● **WORK INSTRUCTION**: Every record must appear in your copy exactly as written, with no pictures.
---
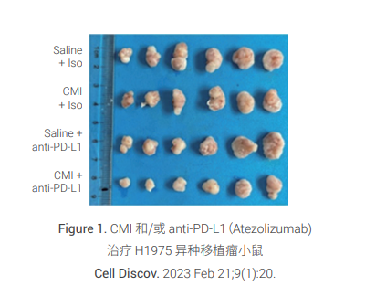 实验结果:氯米帕明 (CMI) 和 anti-PD-L1 (Atezolizumab) 联合治疗可有效抑制肺腺癌
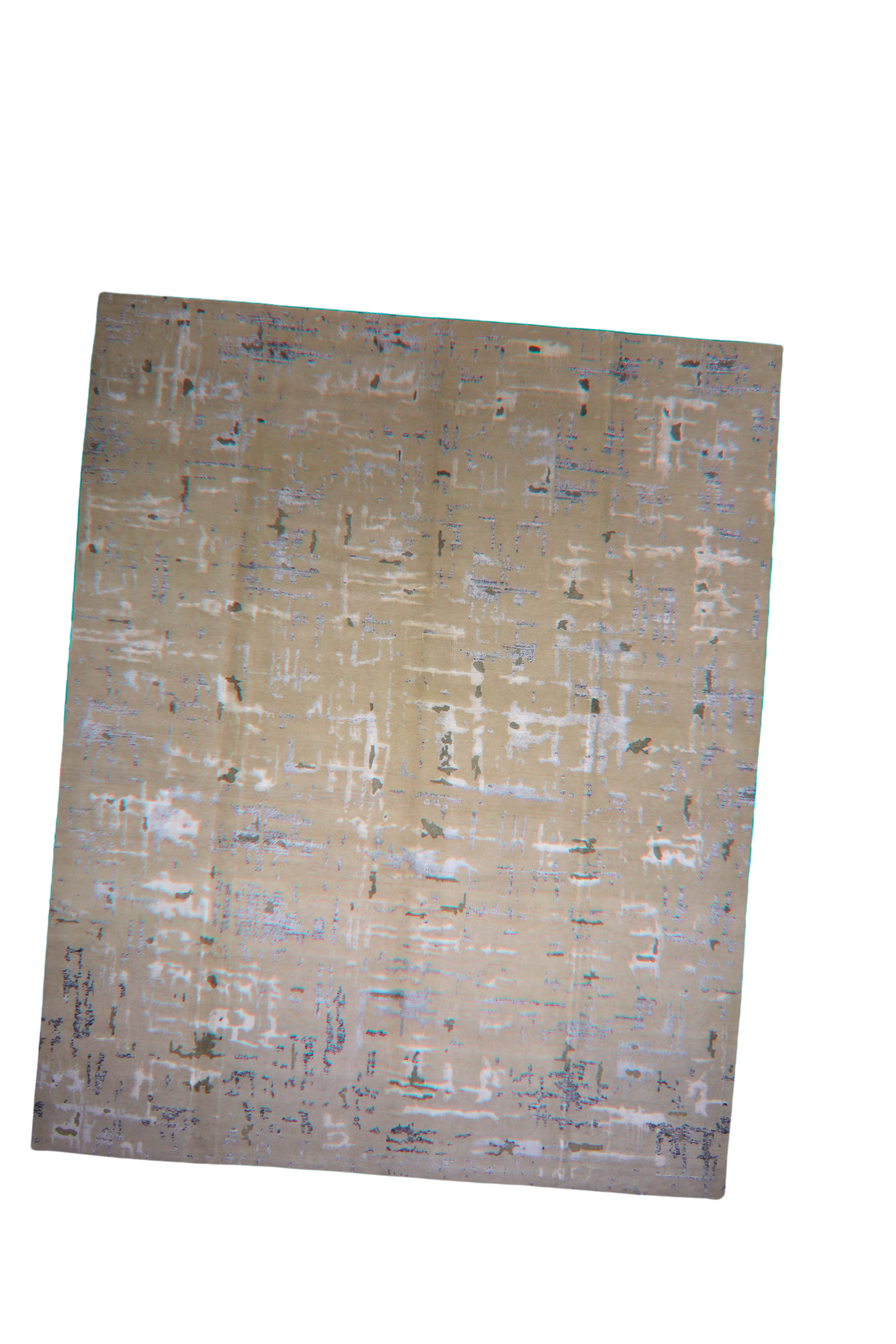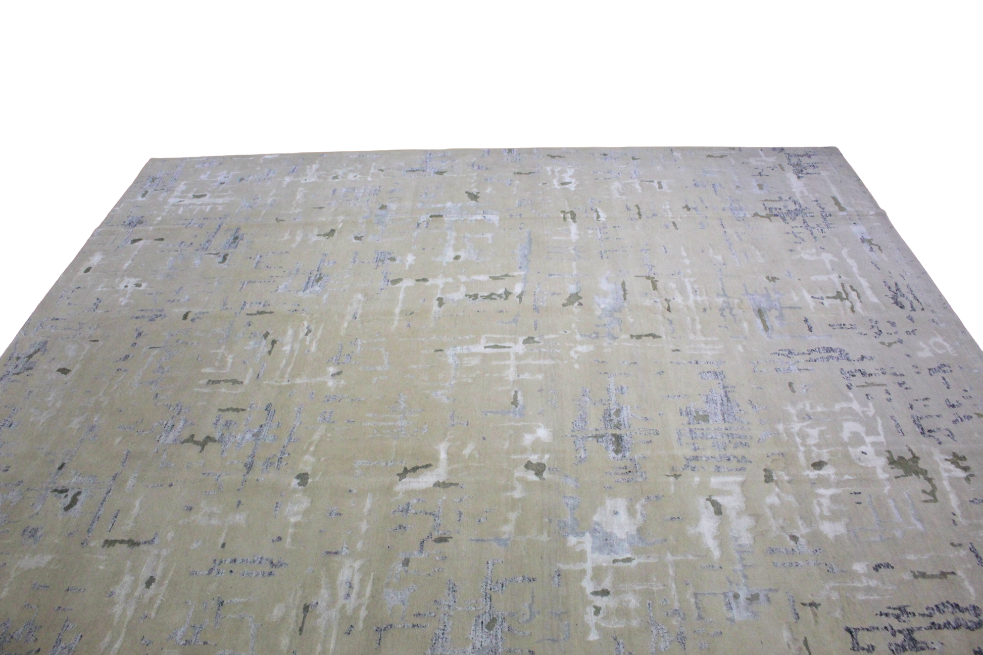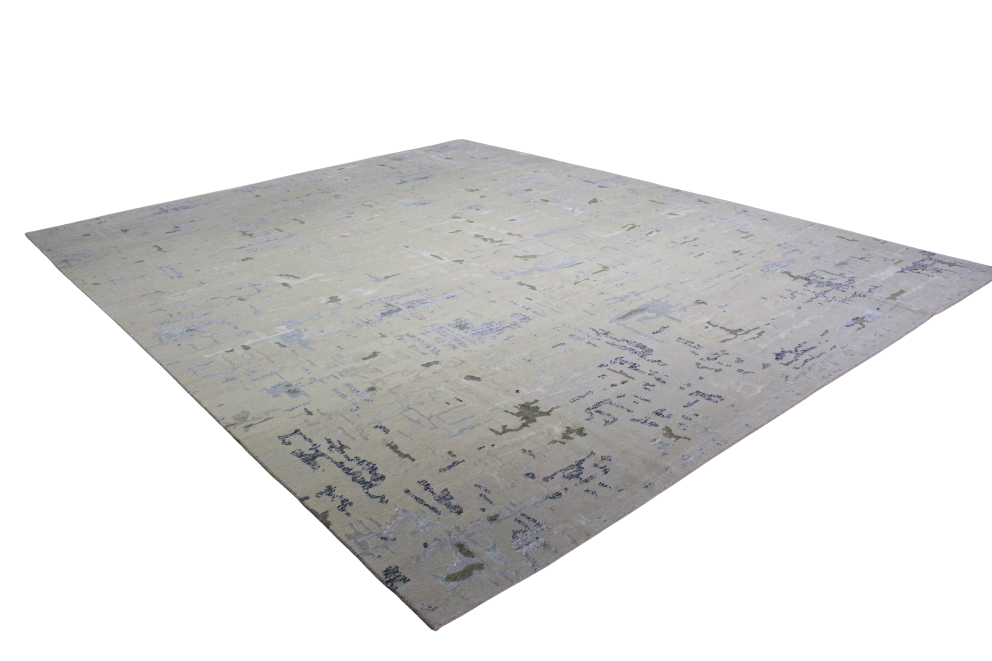 This expansive modern rug from Nepal (11.11 × 14.8 ft) brings a sense of calm structure to large interiors. Its subtly architectural design features layers of linear motifs and grid-like forms, delicately faded into a palette of warm sandstone, bone, and misty grey-blue. The distressed finish and nuanced tone-on-tone coloration lend it a quiet sophistication that feels both modern and timeless.
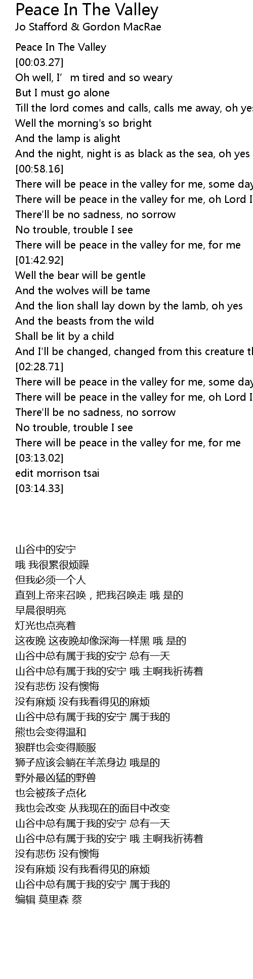 | [03:04.22] | There will be peace in the valley for me, for me |
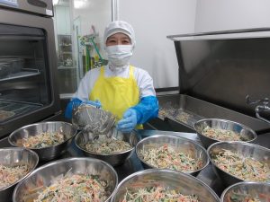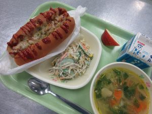 今日の給食は、ごぼうサラダやホットドッグ・りんごなど、よくかんで食べるメニューです。
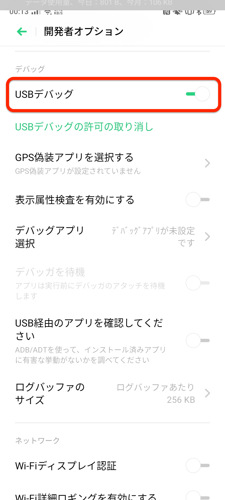 開発者オプション内のUSBデバッグをオンに。
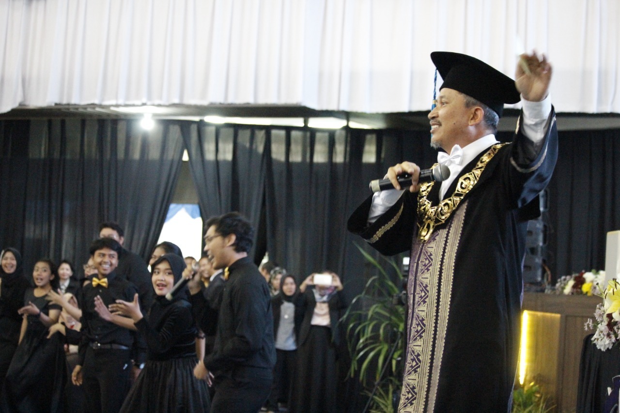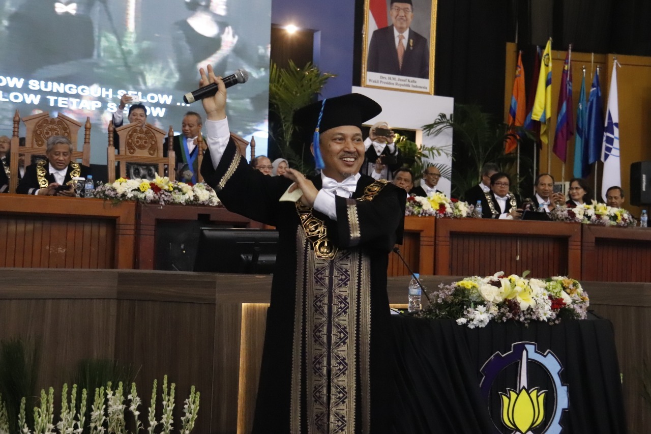 Prof Joni Hermana saat memberikan kejutan dengan menyanyikan lagu Selow di upacara wisuda ke-119 ITS
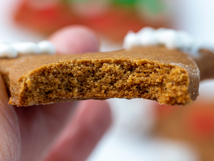 Don't you just love a cookie that has little crispy ends but a chewy center? The addition of deep rich molasses and brown sugar that makes for those delectable crispy ends and chewy center of the cookies. If you love a good chewy cookie, be sure to try our easy gluten free and vegan Chewy Black Sesame Cookies and our Chewy Mandarin Orange Cookies for your holiday baking. The best part of this biscuit recipe is that the cookie dough does not puff up too much during the baking process. The cutout gingerbread men and women cookies keep their cute shape and are ready for decorating.
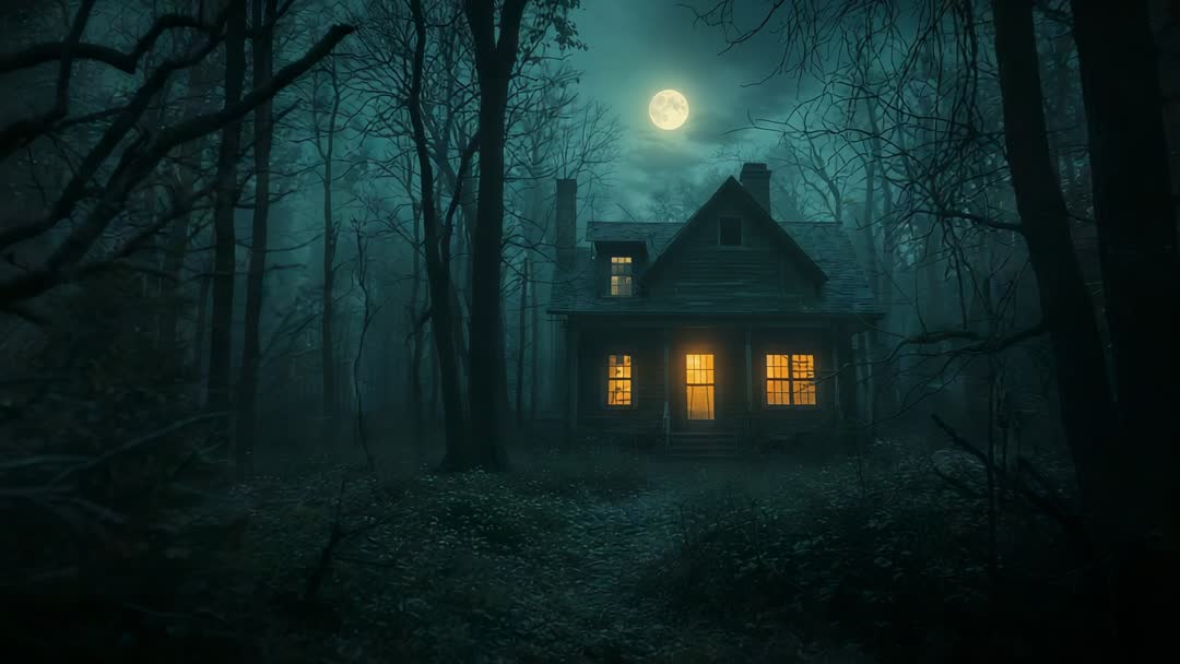 - Mysterious Wooden Cabin in Moonlit Misty Forest
---
● **TASK ANSWER**:
 实验结果:氯米帕明 (CMI) 和 anti-PD-L1 (Atezolizumab) 联合治疗可有效抑制肺腺癌
 This expansive modern rug from Nepal (11.11 × 14.8 ft) brings a sense of calm structure to large interiors. Its subtly architectural design features layers of linear motifs and grid-like forms, delicately faded into a palette of warm sandstone, bone, and misty grey-blue. The distressed finish and nuanced tone-on-tone coloration lend it a quiet sophistication that feels both modern and timeless.
 | [03:04.22] | There will be peace in the valley for me, for me |
 今日の給食は、ごぼうサラダやホットドッグ・りんごなど、よくかんで食べるメニューです。
 開発者オプション内のUSBデバッグをオンに。
 Prof Joni Hermana saat memberikan kejutan dengan menyanyikan lagu Selow di upacara wisuda ke-119 ITS
 Don't you just love a cookie that has little crispy ends but a chewy center? The addition of deep rich molasses and brown sugar that makes for those delectable crispy ends and chewy center of the cookies. If you love a good chewy cookie, be sure to try our easy gluten free and vegan Chewy Black Sesame Cookies and our Chewy Mandarin Orange Cookies for your holiday baking. The best part of this biscuit recipe is that the cookie dough does not puff up too much during the baking process. The cutout gingerbread men and women cookies keep their cute shape and are ready for decorating.
 - Mysterious Wooden Cabin in Moonlit Misty Forest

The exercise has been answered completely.